2.1. Distributed vs. Centralized Architectures for Data Management

There are several architectural solutions for Big Data management, which lead to different organisation of the data processing workflows and impose different requirements on the technical staff involved in data processing within each partner organisation.

Centralised Architecture: Based on full centralisation of the analytical operations and rooted in early data warehousing [6]. Heavily used in many business projects at the end of the last century, and further elaborated in digital twins architectures [7], with many applications outside business. Light technical requirements are placed on data providers, while heavy expertise is required at the central coordinating site.

Distributed Architecture: Full decentralisation of data processing with an equal role for all data providers. This modern solution often involves complex systems such as data spaces [5] and blockchains [8] and requires significant technical capacity and dedicated resources from each participant.

Hybrid Architecture: Combining elements of the previous two, this approach is typically simpler than a fully distributed architecture and more flexible than a fully centralised one, allowing distribution of data consumers’ responsibilities while lowering the technical requirements for data providers.

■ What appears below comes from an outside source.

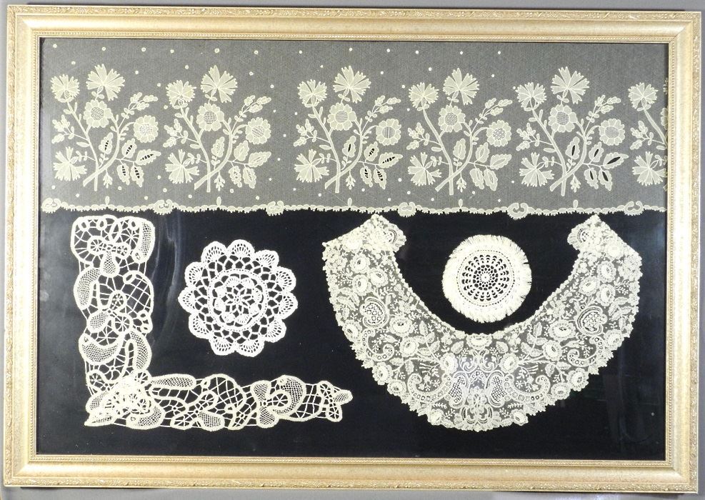 LOT 552 Framed needlework panels from dress of lady presented to Queen Victoria, 28" x 42". Estimate: $50 - $75 Auction Date: Tuesday, September 12 2017 lots 1-215 at 1:00 PM, lots 401-629 at 7:00 PM

The solution implemented in DiverSea is a hybrid one. Although there are clear benefits to a more modern, fully distributed architecture, especially for projects at a pan-European level, the leading role in such projects, as a rule, is typically assumed by non-technical organisations. This can shift the focus toward data generation while somewhat neglecting data management and analysis based on recent statistical and machine learning methodologies. In the context of marine biodiversity, for example, it would be of strategic advantage to have a single project that brings together the three complementary initiatives—DiverSea, OBAMA-NEXT, and MARCO-BOLO, and establishes a common Data Space of European Sea and Ocean Biodiversity similar to the Copernicus Data Space Ecosystem (https://www.sentinel-hub.com/explore/copernicus-data-space-ecosystem/ (accessed on 12 February 2026)). This would allow the combining of complementary data and data services, supporting more elaborate data management strategies and more valuable data analytics pipelines.

2.2. Data and Metadata vs. Data Usage and Knowledge

The data-centric projects start with gathering raw data from field studies. The most important artifact from a data management perspective at this stage is the metadata description, which serves as the entry point for developing the data models of the project’s data space. Following the common understanding that metadata is information about the data, however, it is often overlooked that metadata is not only about the structure and content of the underlying data but is also a source of additional information that can inform the data space architecture (see

Table 1. Some important metadata parameters.

Granularity	Data Sources	Transfer Mode	Transport Protocols
Records	IoT, Computing Devices, Networks	One-off	Memory sharing, Parameter Passing
Messages	Emails, Messages, Logs, Alerts	One-off	MQTT, AMQP, SMS, SOAP
Artefacts	Documents, Sound Recordings, Images, Videos	One-off	FTP, HTTP, MTP, MPC
Datasets	Exports, CSV files	One-off, Batch	FTP, HTTP
Streams	Dynamic URLs, APIs	Continuous	native to the broadcaster
Files	Static URIs, Data Files	One-off	FTP, HTTP, WebDAV, SCP
Repositories	Databases, Data marts, Data lakes	Batch	native to the repository

).

Depending on the nature of data as specified in the metadata, the data model can differ substantially—it can be purely relational, object-relational, or object-oriented, tree, graph, or file-based. For well-structured datasets, the most appropriate approach is a purely relational model since it is easily represented in standard relational databases, but when the data comes from sensors, drones, or satellites, a more suitable format is an object-relational, object-oriented, or graph-based one. Completely unstructured data, such as images and videos produced through recording, scanning, or photography, is naturally kept in separate files. Finally, in the case of a very large volume of data, popular big data repositories such as Apache Hadoop or Apache Cassandra [9,10] can be used instead. This data can also be complemented by external data from public repositories such as EMODnet (https://emodnet.ec.europa.eu (accessed on 12 February 2026)).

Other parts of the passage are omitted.